The Trade Desk runs a software platform that lets advertising agencies and brands plan, place, and measure digital ads across websites, streaming TV, mobile apps, audio services, and more. It charges clients a platform fee based on a percentage of whatever they spend through the platform. The more money clients pour into campaigns, the more The Trade Desk earns. Clients like Disney, Walmart, and Spotify use it to reach specific audiences with precision targeting powered by data and artificial intelligence tools. The Trade Desk sits purely on the buyer's side, meaning it does not own or sell any of the ad space itself, which it argues makes it more objective than rivals who do both. The diagram below traces where the money goes.
Five years of financial data tell a clear story of consistent growth. Revenue climbed from $1.2 billion in 2021 to $2.9 billion in 2025, nearly tripling in four years. Gross margin held steady in a tight band throughout, never dropping below 78% and never rising above 83%. That stability matters: it means the business is not quietly getting more expensive to run at the core level even as it scales. Free cash flow also grew steadily, from $0.3 billion in 2021 to $0.8 billion in 2025. The company carries no net debt. In fact, it holds more cash than it owes, with a net cash position of $0.7 billion at the end of 2025.
One number stands out as a sign of client loyalty. The Trade Desk has maintained a customer retention rate above 95% for over a decade. That means almost every client who used the platform one year came back the next. For a business that charges a percentage of spend, keeping clients is only half the job. The other half is getting them to spend more over time. The 2025 filing notes that gross spend on the platform reached $13.4 billion, up 11% from $12.0 billion in 2024, which drove the 18% revenue increase. Revenue grew faster than gross spend because clients used more of the platform's paid data and value-added services, not just the base ad-buying tools.
The late 2024 earnings miss broke a streak of 33 consecutive quarters where The Trade Desk met or beat its own financial targets. The stock dropped sharply before recovering in early 2025. The incident is worth noting not because the miss was large, but because it showed how much the market expects consistent execution.

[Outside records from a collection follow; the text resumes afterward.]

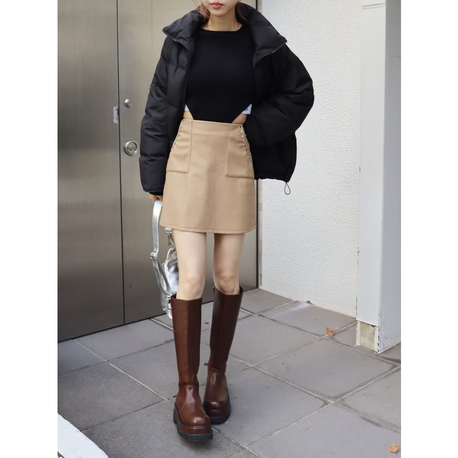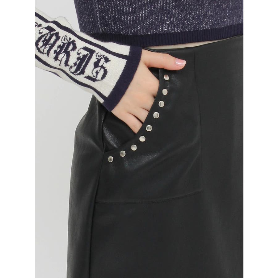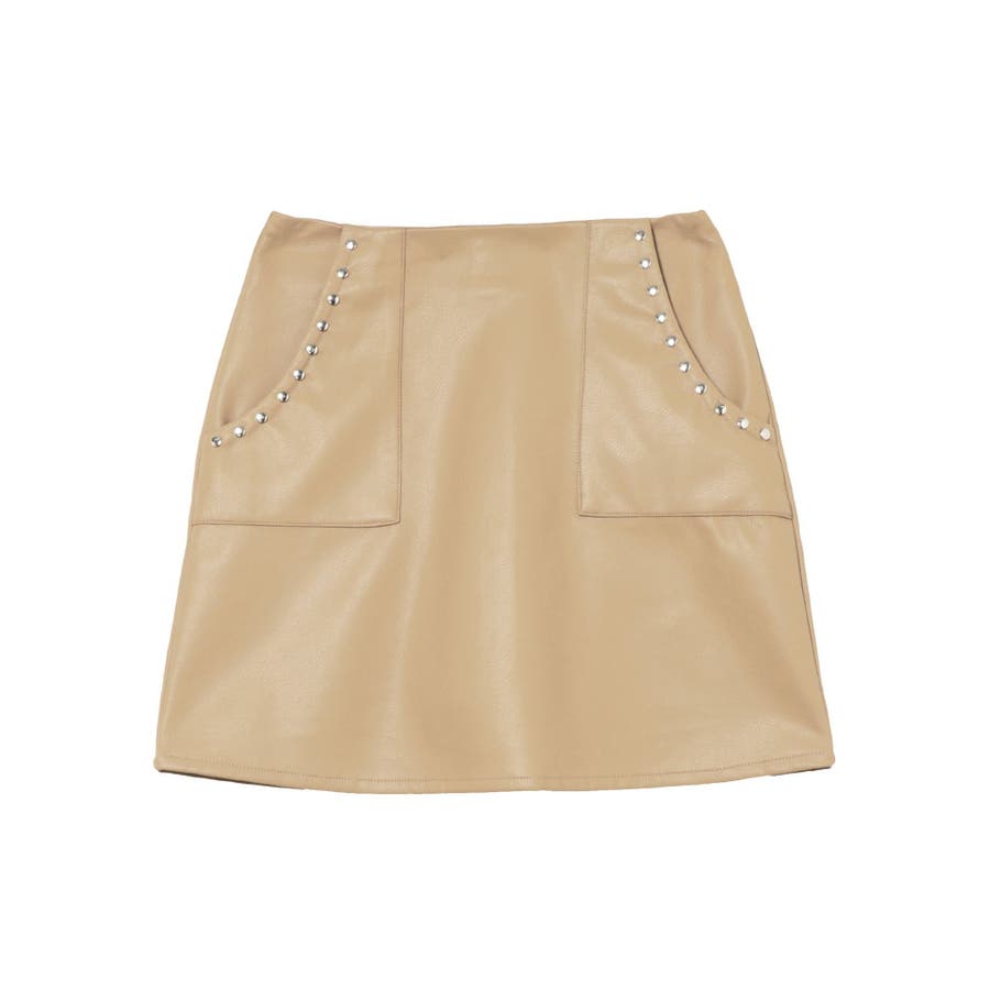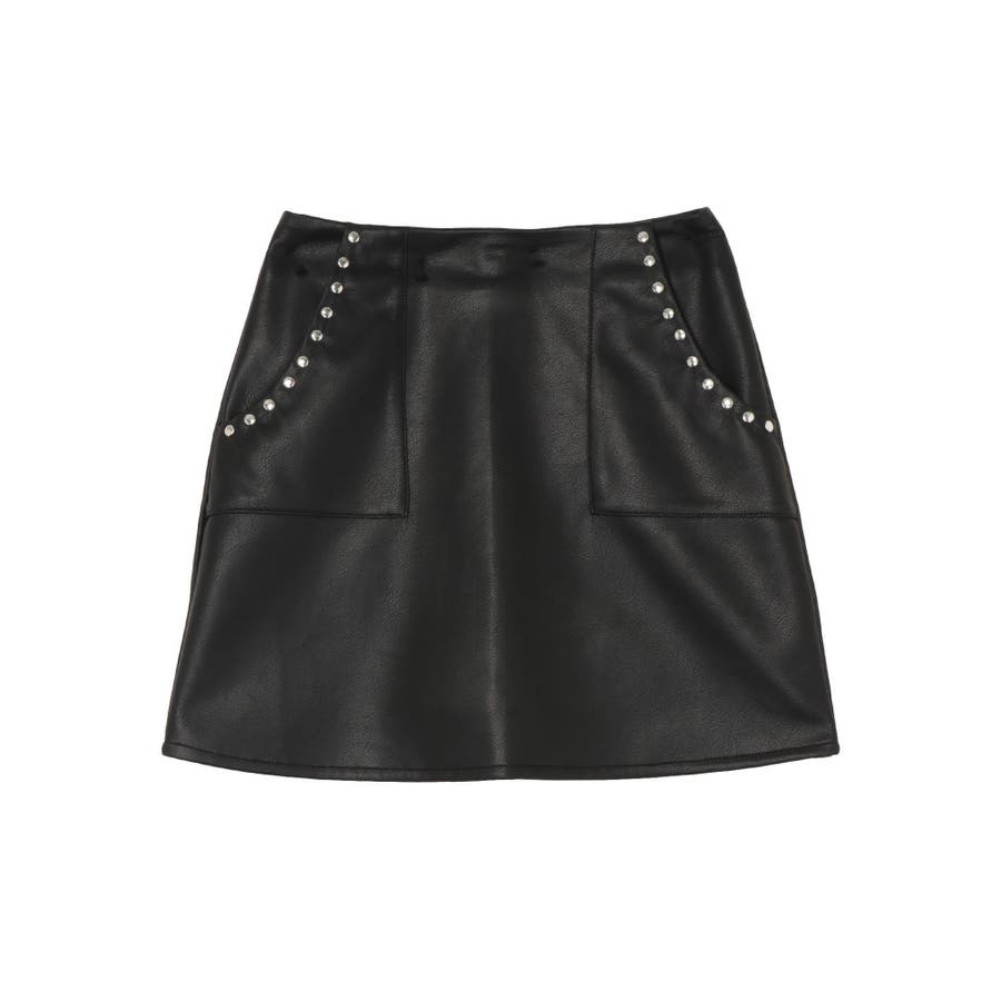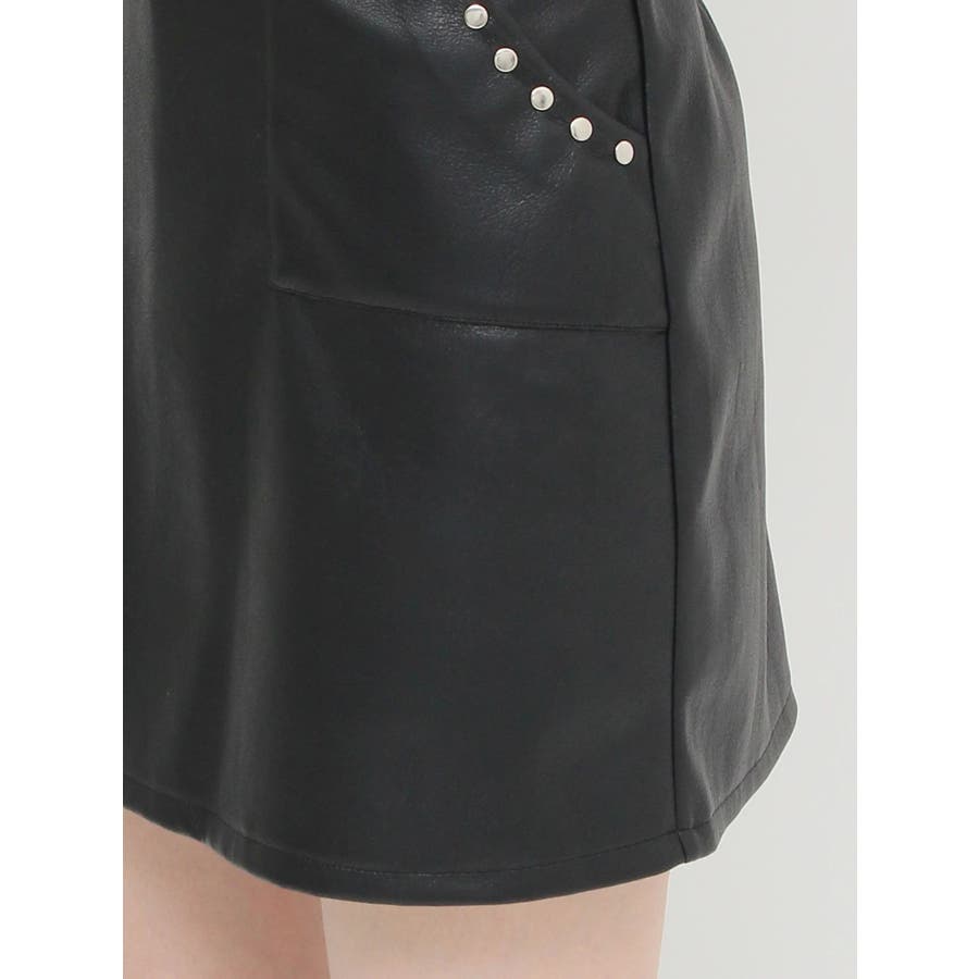ポケット口にスタッズを配置したミニスカートです。フェイクレザー素材を使用しておりクールな印象の一枚です。裏地はインナーショートパンツタイプになっており、ミニ丈でも安心して着用いただけます。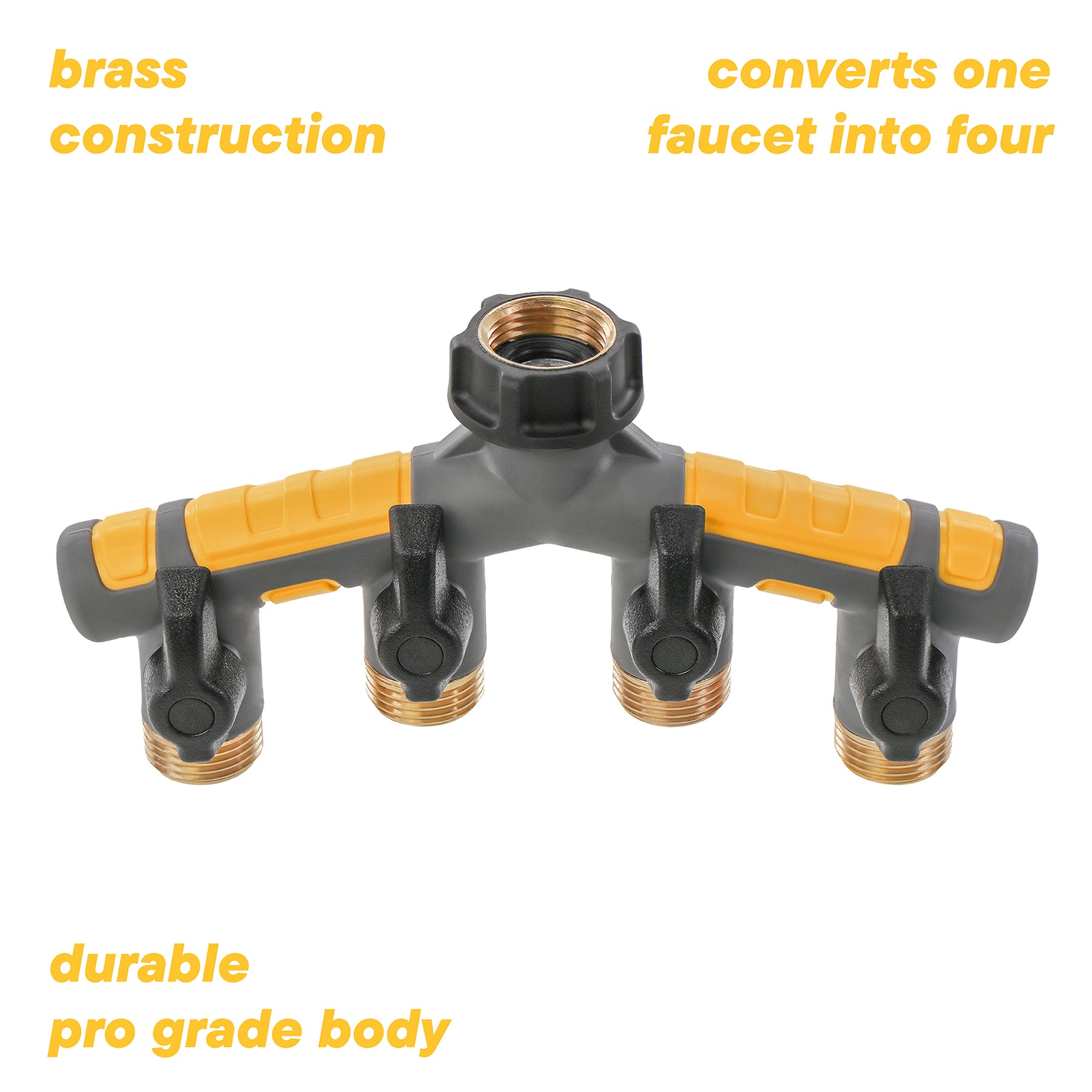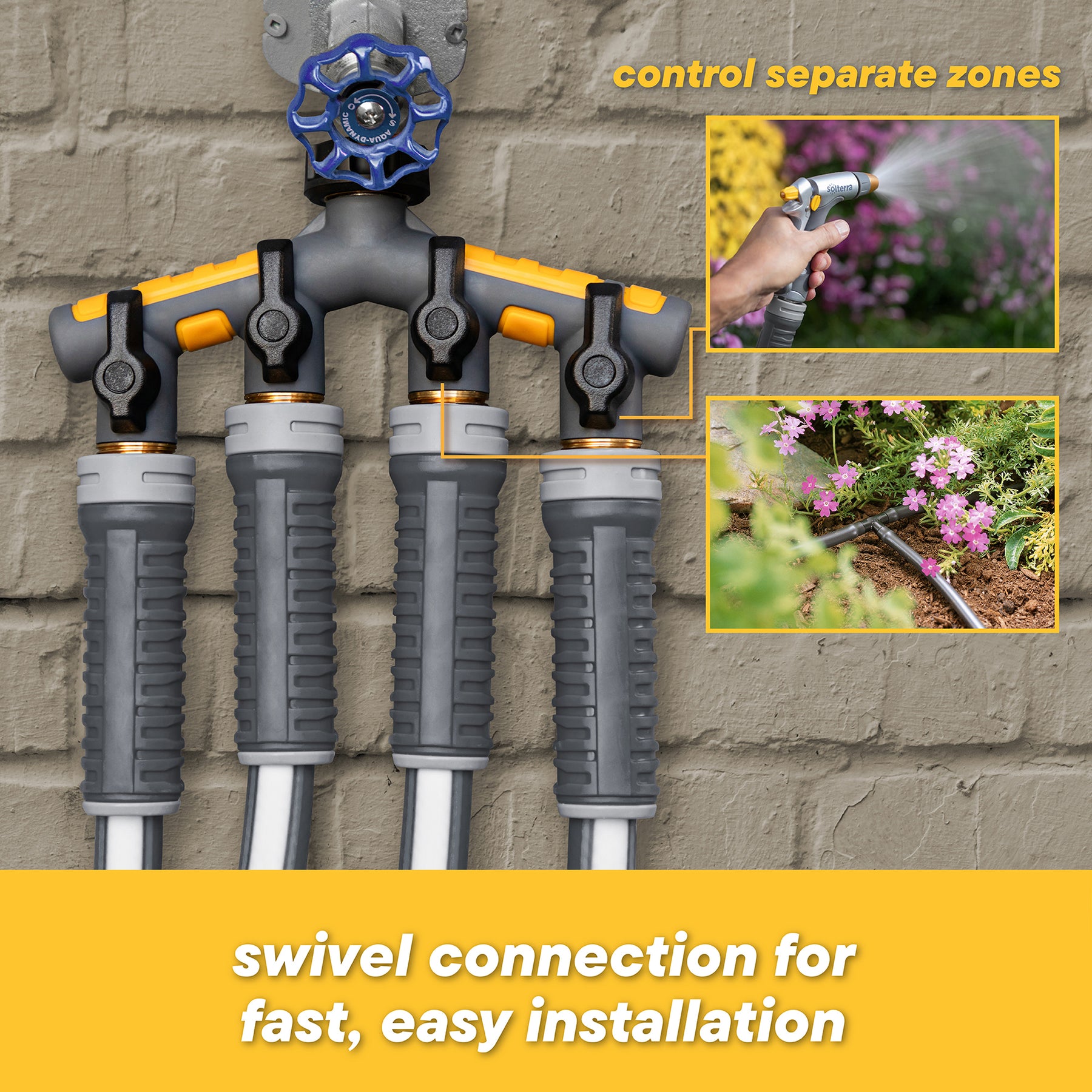This metal hose faucet manifold converts your faucet into a 4-faucet hose connection. Convenient valve controls let you adjust the flow, or shut-off each connection individually. The 3/4" male-threaded connection has a brass swivel head with comfort grip for easy installation. Heavy-duty construction with leak-free ball valves ensures quality performance.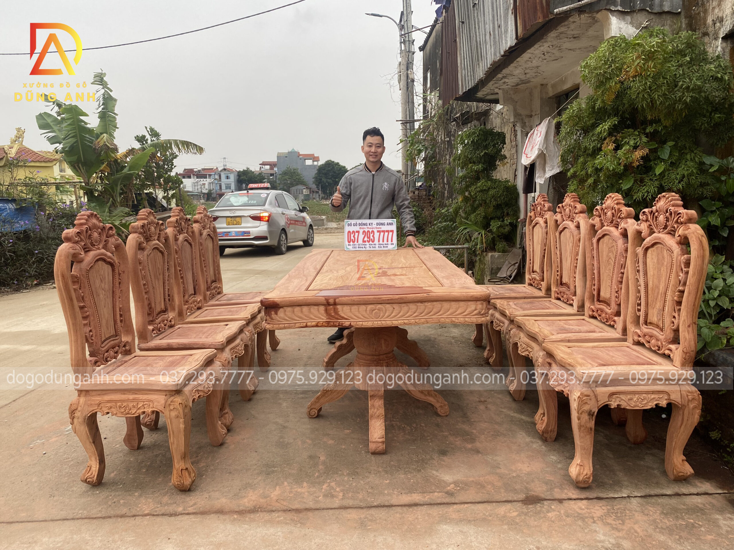 Quý khách có thể tham khảo thêm các mẫu bàn ghế ăn đẹp, bàn ghế ăn nguyên khối, các mẫu ghế ăn đẹp thì có thể liên hệ ngay với Xưởng đồ gỗ Dũng Anh qua: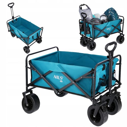 WÓZEK TURYSTYCZNY 100L NC1607 marki NILS CAMP - niezawodny partner w każdej przygodzie. Niezależnie od tego, czy planujesz rodzinne wakacje na plaży, pełen relaksu weekend na kempingu, czy energiczne wyjście na festiwal muzyczny - ten wózek to kwintesencja funkcjonalności i stylu, stworzony, aby towarzyszyć Ci w najróżniejszych miejscach i sytuacjach.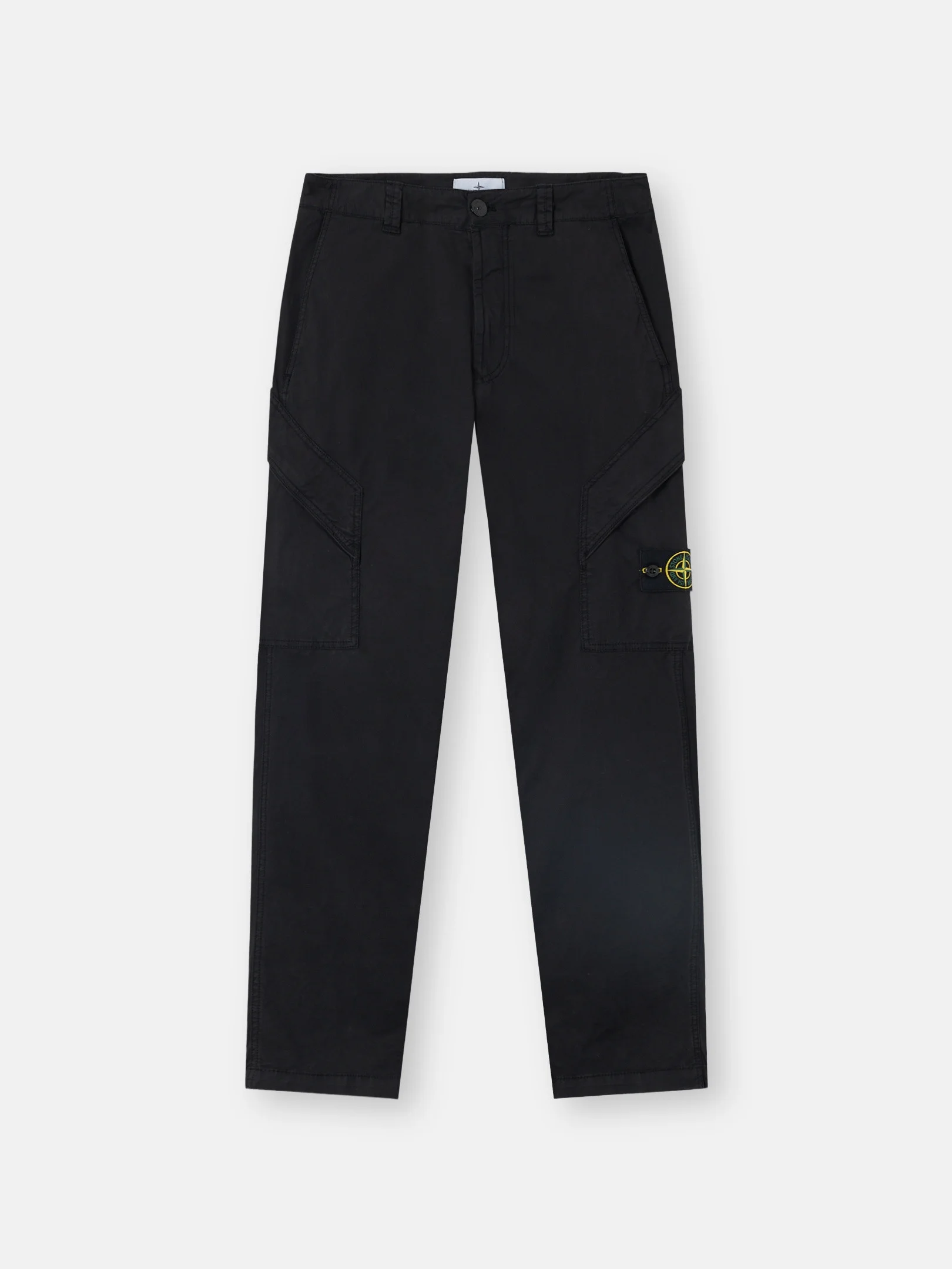 Cargo pants in stretch Supima® cotton twill, featuring angled flap pockets on the legs and a back snap pocket, with zipper and button fly. Garment dyed. FABRIC RESEARCH AND TREATMENT Cargo pants in stretch Supima® cotton twill, made with mercerized Supima® cotton yarn, elasticated in the weft. Supima® - Superior Pima - is the guarantee certificate for the US origin of Pima cottons. This is the noblest species among cottons, due to the greater length, uniformity and strength of the fibers. Garment dyed. STYLE AND FIT Slanted hand pockets. Cargo pockets with angled flap and zipper; left pocket features Stone Island badge. One back pocket with hidden snap. Zipper and button fly. Regular fit. COMPOSITION AND CARE 97% Cotton 3% Elastane / Spandex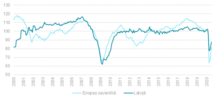 2020. gada jūlijā ekonomikas sentimenta rādītājs bija 87,63, kas ir par 3,9 punktiem vairāk nekā jūnijā. Ekonomikas sentimenta rādītājs raksturo kopējo sociāli ekonomisko situāciju valstī noteiktā periodā (mēnesī), un to visām ES valstīm pēc vienotas metodoloģijas aprēķina Eiropas Komisijas Ekonomikas un finanšu lietu ģenerāldirektorāts, par pamatu ņemot 15 dažādas sezonāli izlīdzinātas rūpniecības, būvniecības, mazumtirdzniecības un pakalpojumu nozaru, kā arī patērētāju konfidences rādītājā ietvertās komponentes.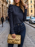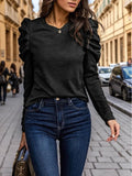 Soft Knit Puff Sleeve Crew Neck Sweater from Couture-Emporium. This regular fit sweater features a classic crew neck and stylish structured puff sleeves. Crafted from a soft knit material blend, it's perfect for adding a touch of elegance to your casual wardrobe.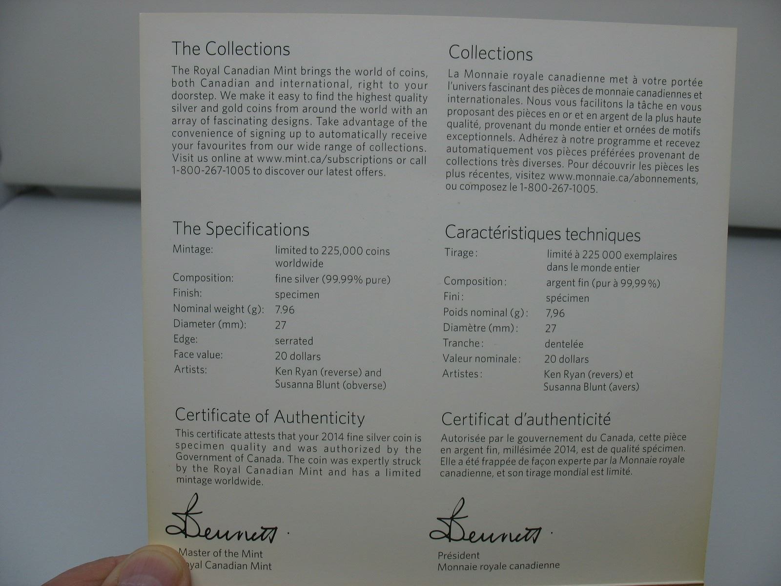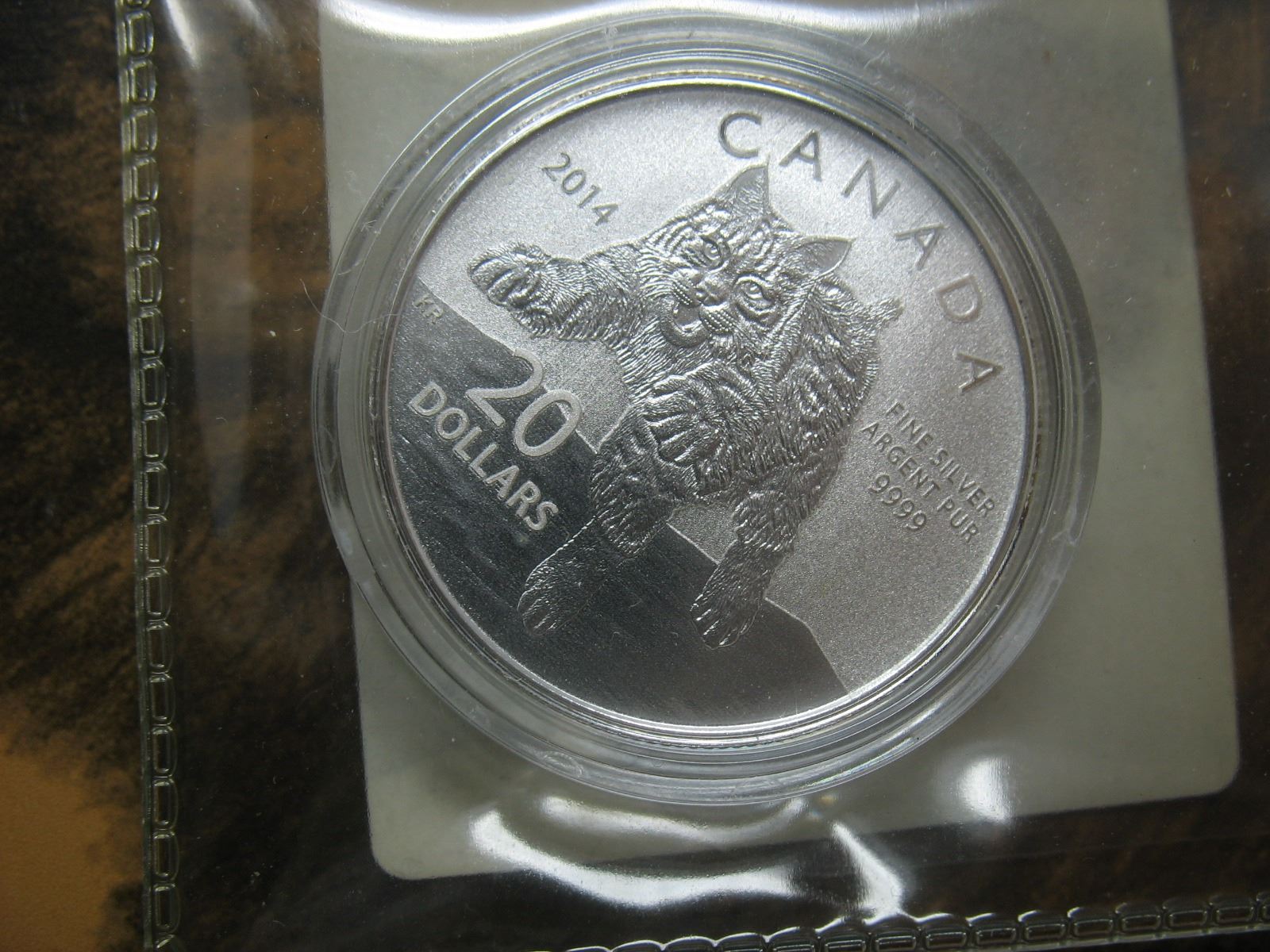 2014 ROYAL CANADIAN MINT $20 SILVER COIN (99.99 pure) - BOBCAT

A single stumble produced an outsized reaction. That dynamic will matter to anyone watching this company going forward.
The risks are specific and documented. Two large advertising holding companies each accounted for more than 10% of gross billings in 2025. If either pulls back or switches platforms with 60 days notice, which their contracts allow, revenue could drop materially. Google is both a supplier of ad inventory and a direct competitor. If Google limits access to its ad supply, The Trade Desk cannot easily replace the same quality of traffic elsewhere. Privacy laws in California, across other U.S. states, and in Europe are tightening the rules around data tracking. As more people opt out of being tracked, the platform becomes less useful to advertisers, which could cause them to spend less. Connected TV and video advertising are the fastest-growing parts of the business, but that concentration also means any slowdown in those channels would land hard.
The Trade Desk is building its own answer to the cookie problem. It developed an open-source identity tool called Unified ID 2.0, which converts email addresses or phone numbers into anonymous identifiers that can be used for ad targeting without directly identifying anyone. A European version called EUID launched in limited testing in 2023. Whether Unified ID 2.0 gets wide enough adoption across publishers, browsers, and advertisers to replace cookie-based tracking is one of the most important unresolved questions hanging over the business.
Operating costs grew in 2025, but the company still improved its operating margin. Total operating expenses as a percentage of revenue fell from 83% in 2024 to 80% in 2025. Platform operations costs rose 31% in a single year, largely because of higher hosting expenses tied to artificial intelligence features and increased query volume. That cost line will keep climbing as AI becomes a bigger part of the platform. The company also added headcount across sales, engineering, and operations. Cash from operations reached $993 million in 2025, up 34% from $739 million in 2024, which gives The Trade Desk room to keep investing without needing to borrow.
The entire model scales on one core assumption: that advertisers will keep shifting more of their budgets toward programmatic buying on the open internet, and that The Trade Desk will capture a growing share of that shift. The digital advertising market is reported to exceed $700 billion annually, and the total addressable market reportedly surpassed $1 trillion for the first time in 2024. But the size of the market only matters if The Trade Desk can defend its position inside it against Google, Amazon, and other large competitors who are also investing heavily in programmatic tools.